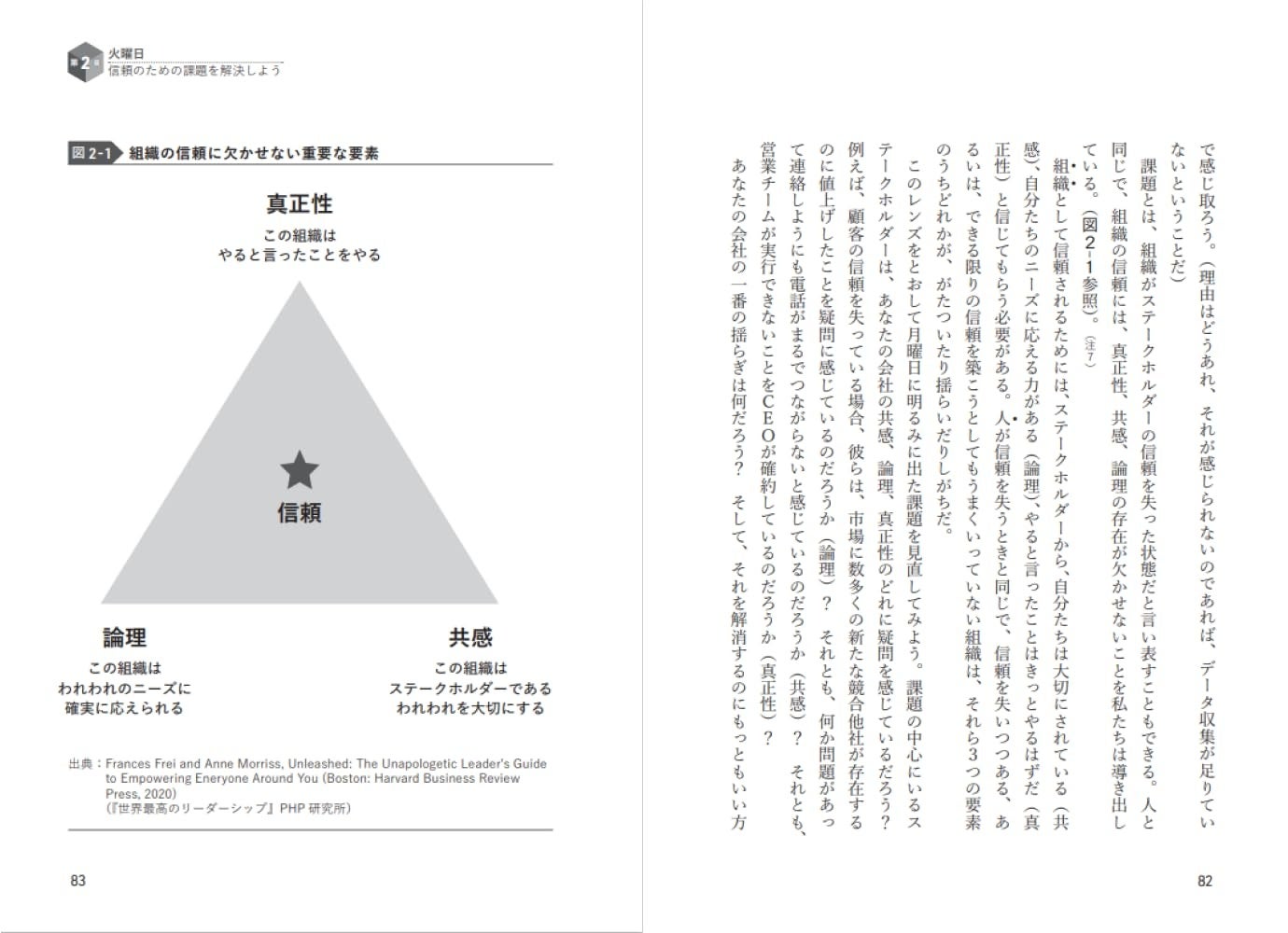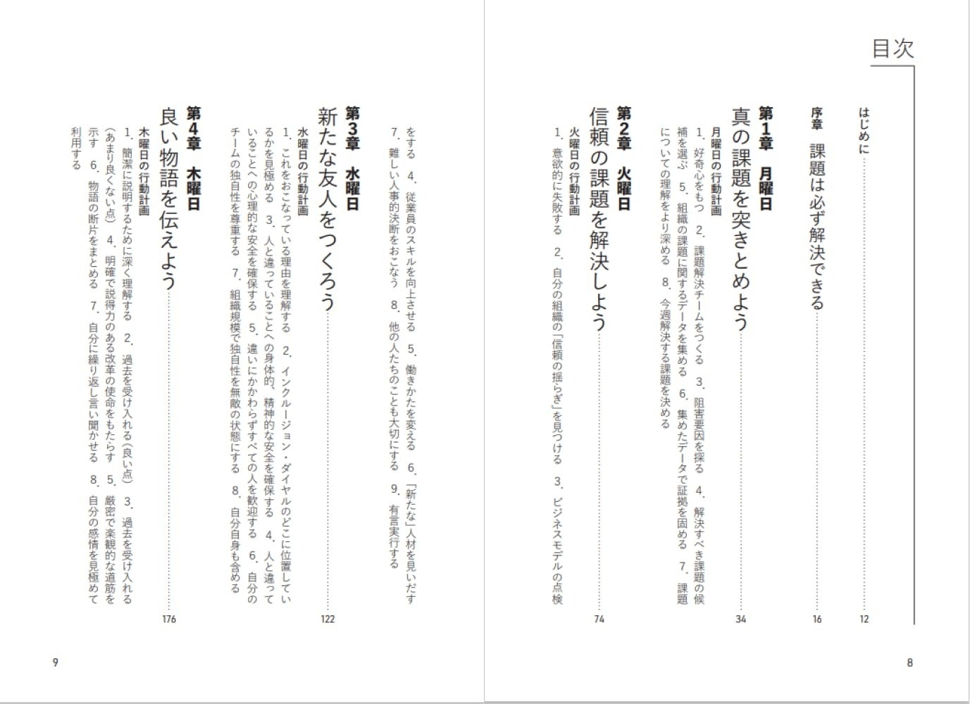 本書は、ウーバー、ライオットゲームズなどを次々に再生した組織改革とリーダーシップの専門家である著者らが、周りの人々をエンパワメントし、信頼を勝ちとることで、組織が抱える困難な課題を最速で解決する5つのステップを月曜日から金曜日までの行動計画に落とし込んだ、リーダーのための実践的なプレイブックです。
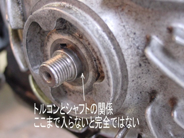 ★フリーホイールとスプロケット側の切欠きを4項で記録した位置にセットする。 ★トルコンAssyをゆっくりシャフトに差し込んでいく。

* * *

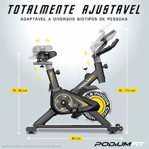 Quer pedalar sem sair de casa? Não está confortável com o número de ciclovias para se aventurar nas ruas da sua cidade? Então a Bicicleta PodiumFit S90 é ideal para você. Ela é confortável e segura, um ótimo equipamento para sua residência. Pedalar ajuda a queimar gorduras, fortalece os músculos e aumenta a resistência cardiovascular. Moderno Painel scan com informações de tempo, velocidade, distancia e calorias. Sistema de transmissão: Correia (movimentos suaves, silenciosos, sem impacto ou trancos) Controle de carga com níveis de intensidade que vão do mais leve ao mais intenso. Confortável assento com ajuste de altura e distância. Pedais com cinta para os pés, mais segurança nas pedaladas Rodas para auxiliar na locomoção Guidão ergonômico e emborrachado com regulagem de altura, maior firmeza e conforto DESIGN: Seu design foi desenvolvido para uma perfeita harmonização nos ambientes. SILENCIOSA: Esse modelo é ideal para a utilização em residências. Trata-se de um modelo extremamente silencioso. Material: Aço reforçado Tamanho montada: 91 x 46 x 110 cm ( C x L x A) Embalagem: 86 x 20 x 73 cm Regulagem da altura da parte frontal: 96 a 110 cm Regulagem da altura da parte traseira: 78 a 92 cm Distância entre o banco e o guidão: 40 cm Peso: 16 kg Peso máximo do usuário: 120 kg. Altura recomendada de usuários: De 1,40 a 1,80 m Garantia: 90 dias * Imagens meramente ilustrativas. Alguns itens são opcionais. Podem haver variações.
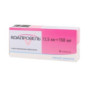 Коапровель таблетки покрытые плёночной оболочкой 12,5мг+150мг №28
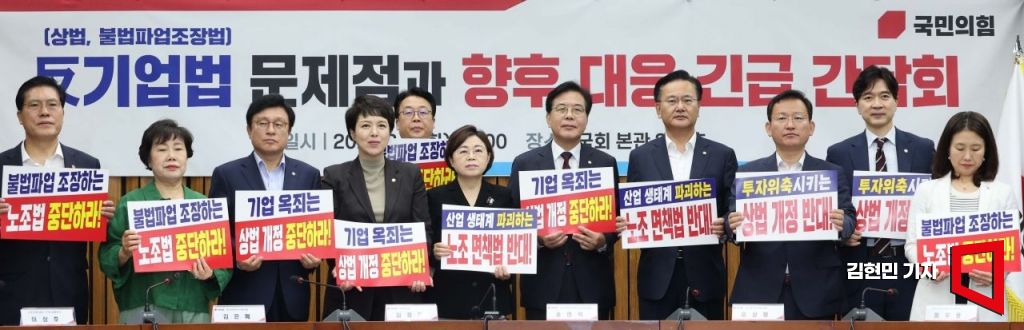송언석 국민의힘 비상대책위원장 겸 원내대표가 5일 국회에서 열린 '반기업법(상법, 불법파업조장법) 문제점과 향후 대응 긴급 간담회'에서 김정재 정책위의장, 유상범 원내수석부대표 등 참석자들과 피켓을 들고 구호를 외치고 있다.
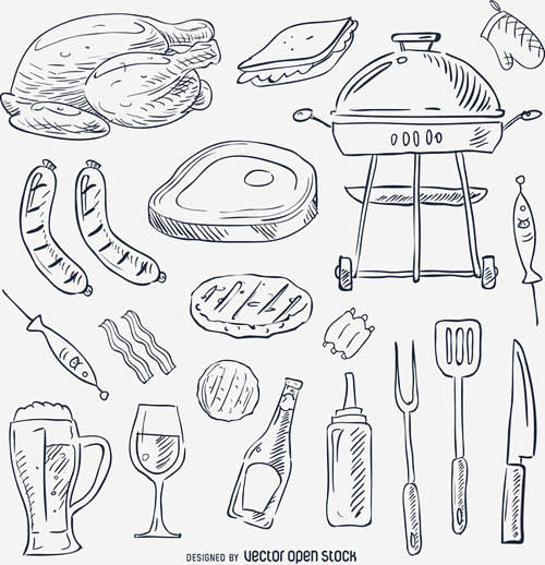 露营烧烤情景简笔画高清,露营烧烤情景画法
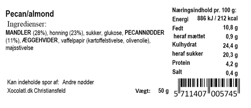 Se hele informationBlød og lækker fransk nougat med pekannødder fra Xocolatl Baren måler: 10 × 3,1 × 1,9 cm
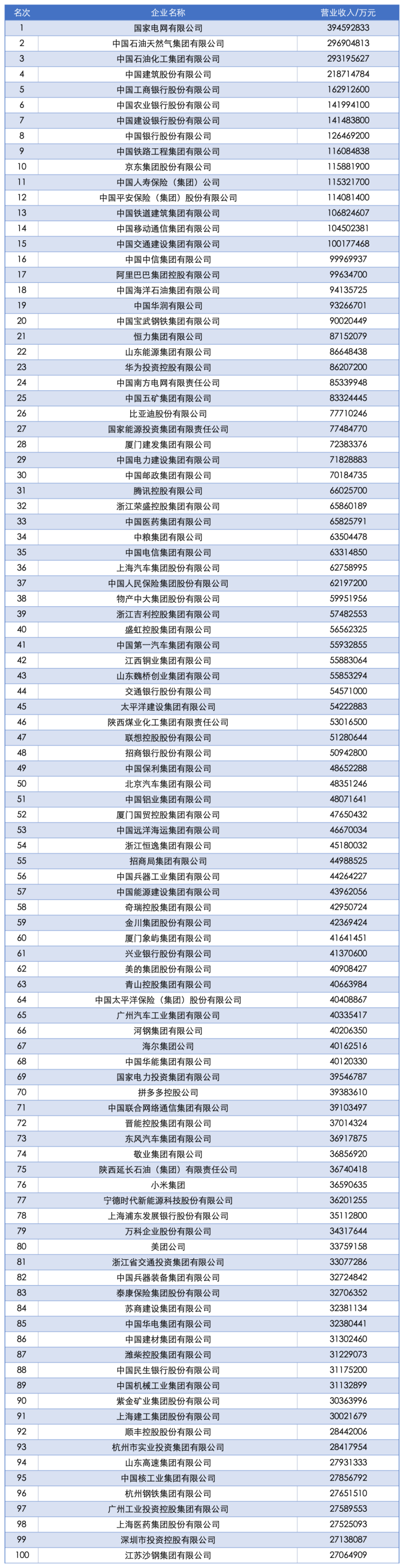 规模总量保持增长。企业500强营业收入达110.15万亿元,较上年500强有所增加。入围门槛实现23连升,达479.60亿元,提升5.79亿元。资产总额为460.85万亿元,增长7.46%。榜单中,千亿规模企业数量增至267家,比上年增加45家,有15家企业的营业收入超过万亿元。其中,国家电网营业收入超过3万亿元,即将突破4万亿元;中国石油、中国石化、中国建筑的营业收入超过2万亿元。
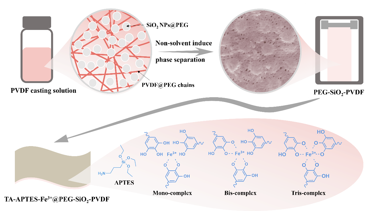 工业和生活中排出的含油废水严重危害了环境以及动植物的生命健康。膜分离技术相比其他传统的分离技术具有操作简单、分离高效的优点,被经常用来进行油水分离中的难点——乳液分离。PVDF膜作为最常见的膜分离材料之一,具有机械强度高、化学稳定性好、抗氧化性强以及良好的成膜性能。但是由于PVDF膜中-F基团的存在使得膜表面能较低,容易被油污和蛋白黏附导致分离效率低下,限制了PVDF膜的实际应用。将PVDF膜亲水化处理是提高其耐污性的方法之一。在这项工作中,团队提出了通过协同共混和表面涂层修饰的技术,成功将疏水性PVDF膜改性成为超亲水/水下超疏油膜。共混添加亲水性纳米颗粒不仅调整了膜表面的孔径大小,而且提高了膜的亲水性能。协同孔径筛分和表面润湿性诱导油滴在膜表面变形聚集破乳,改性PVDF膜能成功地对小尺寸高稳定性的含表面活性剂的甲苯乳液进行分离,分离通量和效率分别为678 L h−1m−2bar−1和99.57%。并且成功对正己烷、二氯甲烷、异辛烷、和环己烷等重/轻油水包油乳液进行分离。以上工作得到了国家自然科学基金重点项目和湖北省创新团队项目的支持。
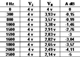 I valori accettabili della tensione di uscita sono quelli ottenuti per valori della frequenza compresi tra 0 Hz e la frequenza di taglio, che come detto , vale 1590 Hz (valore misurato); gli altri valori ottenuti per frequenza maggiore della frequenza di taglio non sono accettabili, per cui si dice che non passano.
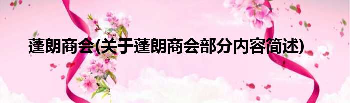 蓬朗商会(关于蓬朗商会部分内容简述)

* * *

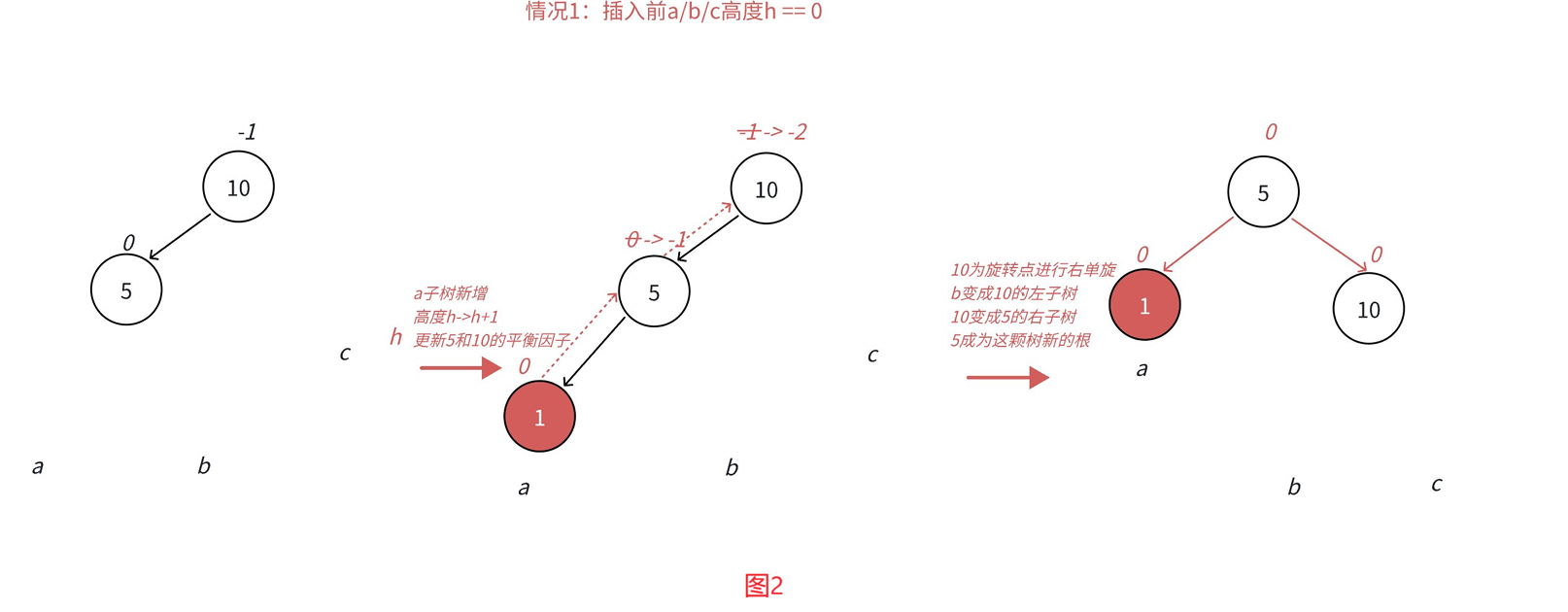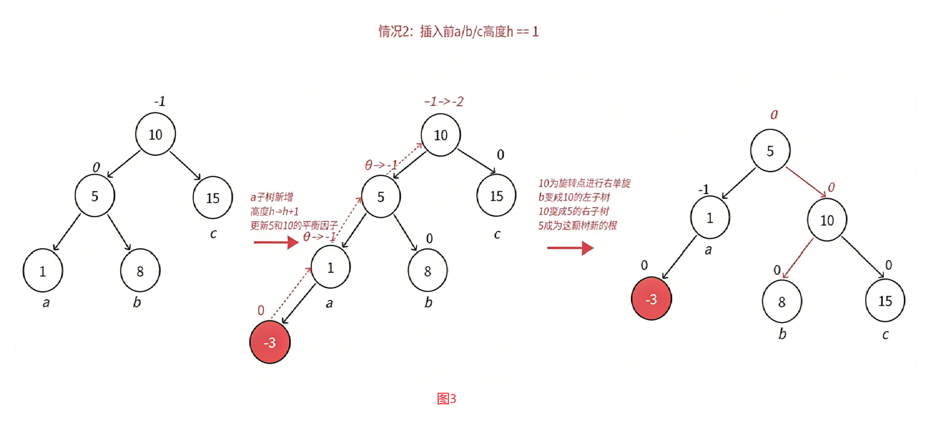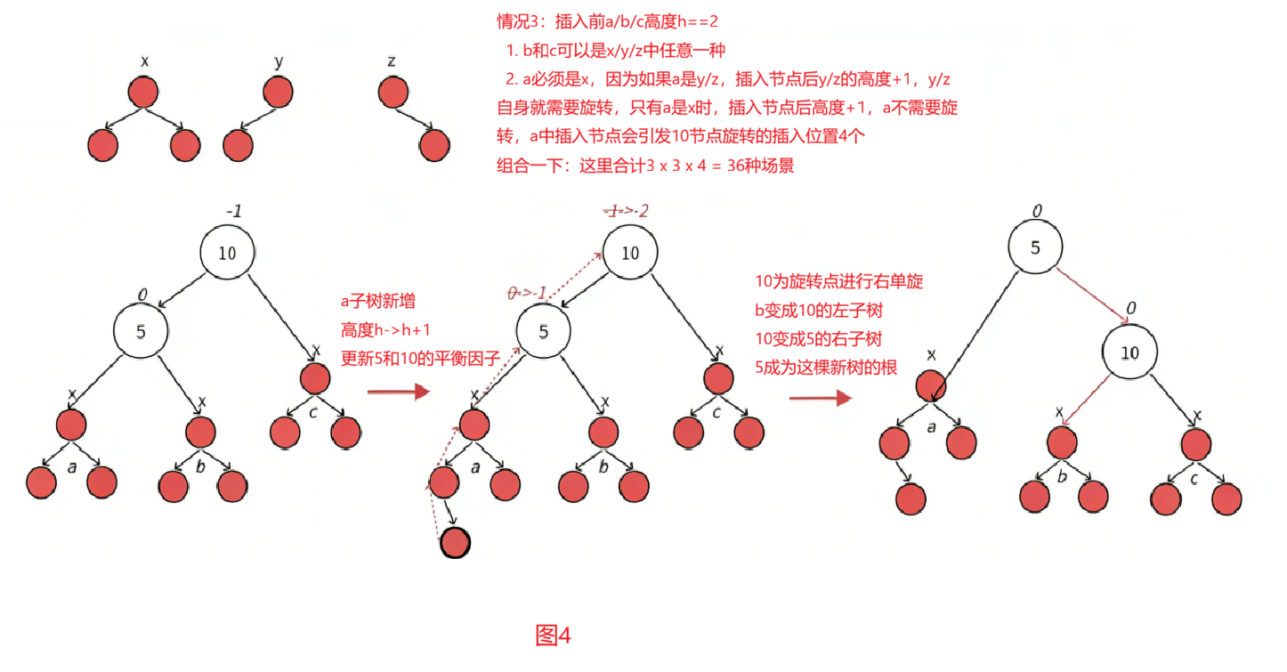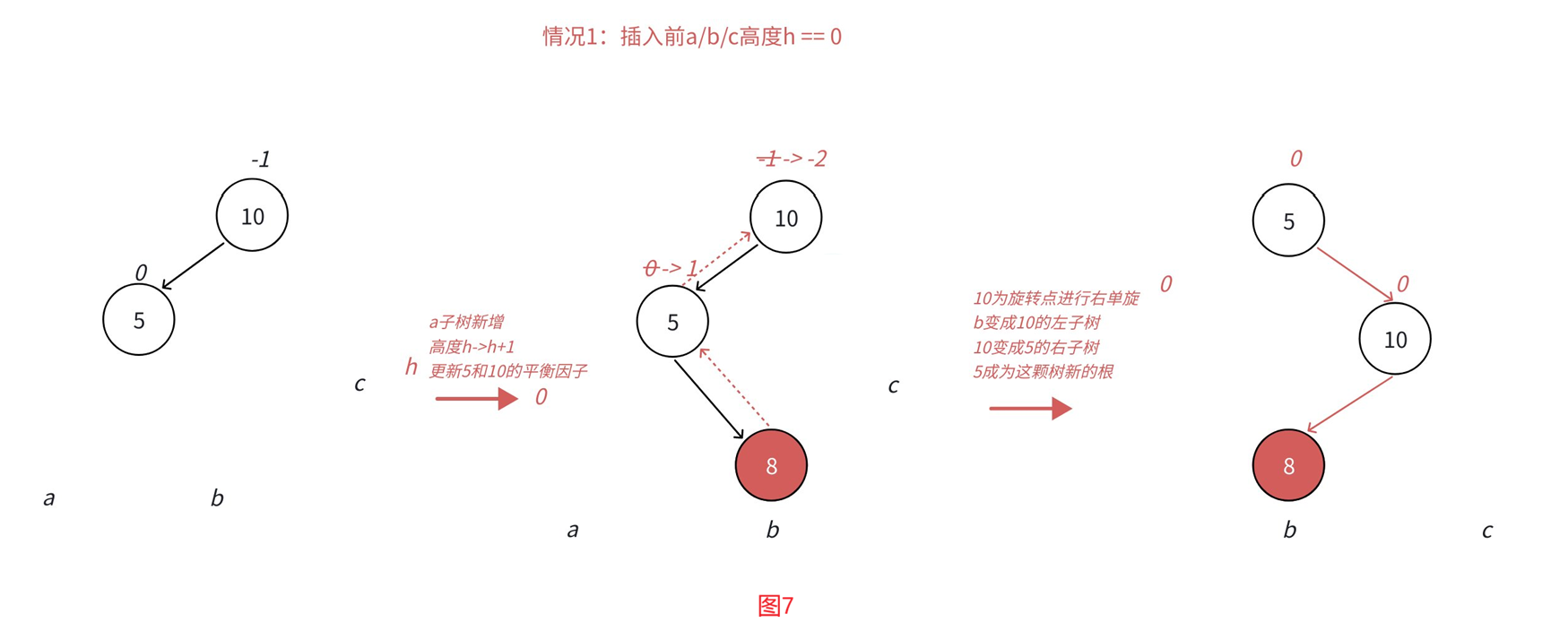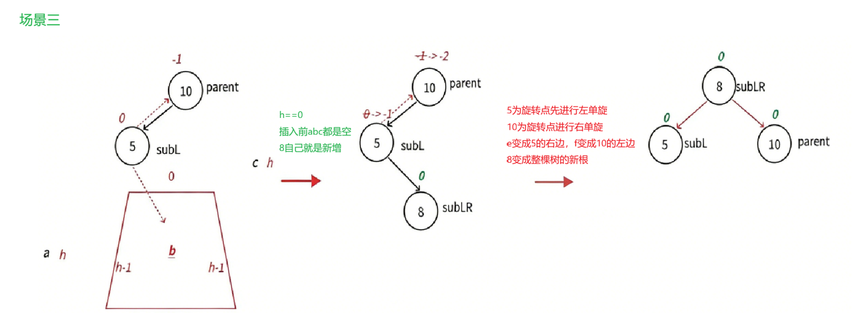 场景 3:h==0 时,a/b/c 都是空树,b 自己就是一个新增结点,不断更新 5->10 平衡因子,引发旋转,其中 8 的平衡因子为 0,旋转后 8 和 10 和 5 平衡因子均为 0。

What you are asked to do: Look back over the records above. Reproduce exactly everything from the line with "Коапровель таблетки покрытые" down to the line with "蓬朗商会(关于蓬朗商会部分内容简述)", inclusive, and leave the pictures out.

Exercise response:
 Коапровель таблетки покрытые плёночной оболочкой 12,5мг+150мг №28
송언석 국민의힘 비상대책위원장 겸 원내대표가 5일 국회에서 열린 '반기업법(상법, 불법파업조장법) 문제점과 향후 대응 긴급 간담회'에서 김정재 정책위의장, 유상범 원내수석부대표 등 참석자들과 피켓을 들고 구호를 외치고 있다.
 露营烧烤情景简笔画高清,露营烧烤情景画法
 Se hele informationBlød og lækker fransk nougat med pekannødder fra Xocolatl Baren måler: 10 × 3,1 × 1,9 cm
 规模总量保持增长。企业500强营业收入达110.15万亿元,较上年500强有所增加。入围门槛实现23连升,达479.60亿元,提升5.79亿元。资产总额为460.85万亿元,增长7.46%。榜单中,千亿规模企业数量增至267家,比上年增加45家,有15家企业的营业收入超过万亿元。其中,国家电网营业收入超过3万亿元,即将突破4万亿元;中国石油、中国石化、中国建筑的营业收入超过2万亿元。
 工业和生活中排出的含油废水严重危害了环境以及动植物的生命健康。膜分离技术相比其他传统的分离技术具有操作简单、分离高效的优点,被经常用来进行油水分离中的难点——乳液分离。PVDF膜作为最常见的膜分离材料之一,具有机械强度高、化学稳定性好、抗氧化性强以及良好的成膜性能。但是由于PVDF膜中-F基团的存在使得膜表面能较低,容易被油污和蛋白黏附导致分离效率低下,限制了PVDF膜的实际应用。将PVDF膜亲水化处理是提高其耐污性的方法之一。在这项工作中,团队提出了通过协同共混和表面涂层修饰的技术,成功将疏水性PVDF膜改性成为超亲水/水下超疏油膜。共混添加亲水性纳米颗粒不仅调整了膜表面的孔径大小,而且提高了膜的亲水性能。协同孔径筛分和表面润湿性诱导油滴在膜表面变形聚集破乳,改性PVDF膜能成功地对小尺寸高稳定性的含表面活性剂的甲苯乳液进行分离,分离通量和效率分别为678 L h−1m−2bar−1和99.57%。并且成功对正己烷、二氯甲烷、异辛烷、和环己烷等重/轻油水包油乳液进行分离。以上工作得到了国家自然科学基金重点项目和湖北省创新团队项目的支持。
 I valori accettabili della tensione di uscita sono quelli ottenuti per valori della frequenza compresi tra 0 Hz e la frequenza di taglio, che come detto , vale 1590 Hz (valore misurato); gli altri valori ottenuti per frequenza maggiore della frequenza di taglio non sono accettabili, per cui si dice che non passano.
 蓬朗商会(关于蓬朗商会部分内容简述)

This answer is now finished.